A customer tries on glasses at a Warby Parker store in Los Angeles.
Michael Buckner | Getty Images
Shares of Warby Parker sank in pre-market trading Thursday after the eyewear retailer reported continuing losses and said its sales were hit during the holiday quarter due to the omicron variant of Covid-19, which kept people out of stores.
The company also released a weaker-than-expected forecast for 2022 sales. Warby Parker sees annual revenue in the range of $650 to $660 million. According to Refinitiv data, analysts were looking for $687.7 million.

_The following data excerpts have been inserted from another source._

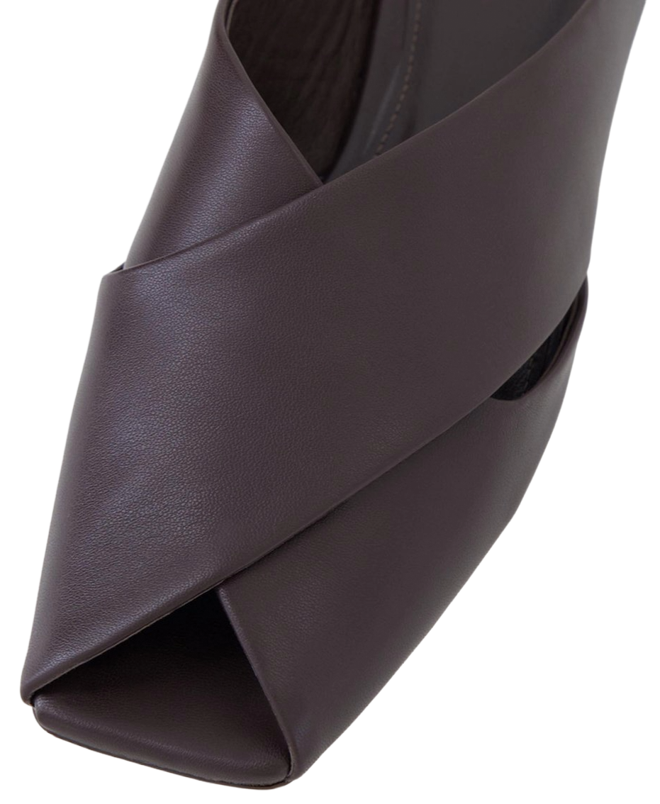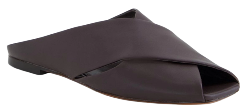 Modern minimalism meets effortless edge in Barnee by Mollini. This sculptural slide features a soft, folded leather upper with a subtle peep toe, giving it a sleek, architectural feel while staying beautifully understated. The rich brown tone adds warmth and versatility, making it a refined choice for everyday wear or elevated casual styling.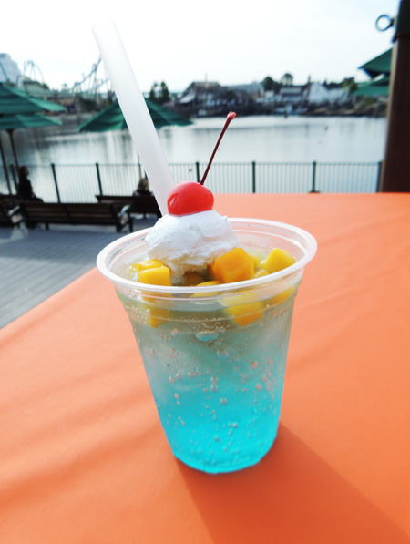 ニューヨーク・エリアのユニバーサル・マーケット内「ハピネス・ワゴン」で買える、ブルーハワイ・ソーダ ~マンゴー&ホイップ~ 600円
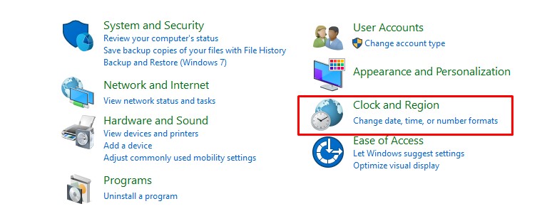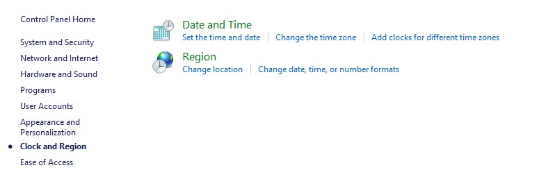 Clock, Language, and Region ini berfungsi untuk mengatur hal hal yang berkaitan dengan jam, Bahasa, wilayah, mata uang, dll. Bagian ini memiliki kategori sebagai berikut :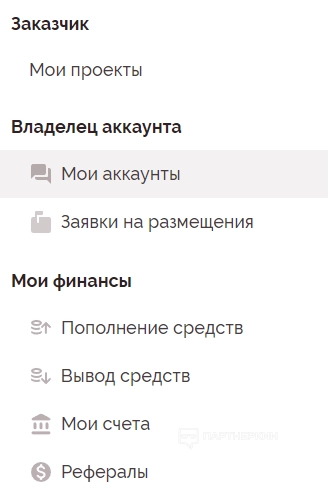 Затем — перейти в личный кабинет (вкладка «Владелец аккаунта» — «Мои аккаунты»).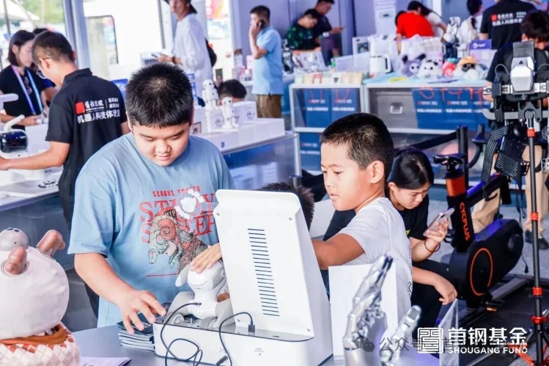 在场馆外的嘉年华互动区,首钢基金成员企业——首程控股倾力打造的“首程机器人科技体验店”也成为场馆外人气最旺的打卡点之一,高峰时段等待体验的队伍一度达到近50米。这个面积近200㎡的沉浸式空间,集结了来自宇树科技、星海图、银河通用、松延动力等生态合作企业的200余款机器人及智能产品,涵盖智慧家居、儿童教育、AI娱乐等多个领域,构建出一幅未来生活方式的多维图景。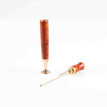 Curapipe in radica. Pigino esterno in rame e punta interna con apertura a vite.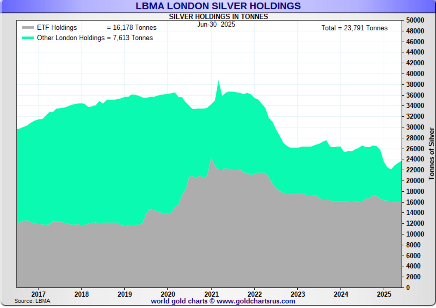 Looking at the LBMA vault holdings, the available free-float is down to 7,613 tonnes, which is 268.5 million ounces.

Management said omicron’s effects led to a loss of nearly $5 million in sales in the fourth quarter, and lost more than $15 million in the first quarter, as fewer customers came in for eye exams and to try new glasses early. January.
The stock recently fell about 15%. It fell even more once the company started a phone call with analysts, following its quarterly financial report. As of the market close on Wednesday, Warby Parker’s shares are down more than 42% this year.
Warby Parker booked a net loss for the three months ended Dec. 31 of $45.9 million, or 41 cents a share, compared to a loss of $4.3 million, or 8 cents a share, a year earlier. She attributed the broader losses to a $31.6 million increase in stock-based compensation expense and other related employer payroll taxes.
Revenue grew to $132.9 million from $112.8 million a year earlier.
Warby Parker blamed the prevalence of the omicron variant for hurting sales in the final weeks of December, which coincided with typical peak demand in the optics industry as consumers use flexible final spending dollars ahead of the New Year.
Analysts had expected Warby Parker to report $133 million in sales in the fourth quarter versus a loss of 9 cents a share, according to Refinitiv data.
One bright spot though, was that people who visited Warby Parker were spending more money overall. The company said average revenue per customer increased 13% year-over-year to $246.
Co-founder and co-CEO Dave Gilboa described Warby Parker’s recent challenges as a “temporary setback.” In recent weeks, the company has experienced a recovery curve, he told analysts on a conference call.
“We remain as confident as ever in our long-term growth plan in re-accelerating our growth in the coming months,” he said.
Warby Parker said it expects its brick-and-mortar sites to return to 100% productivity before the end of the year. Last year, it opened 35 stores, ending in 2021, with 161 locations. In 2022, it expects to open another 40 locations.
The company also has a virtual trial option available on its website for customers to see what the different glasses might look like on their faces. Warby said this was a competitive advantage when store sales slumped.
In 2021, Warby Parker’s e-commerce sales represented 46% of total revenue, down slightly from 50% in 2020, but up from 35% in 2019.
Find the full earnings press release from Warby Parker here.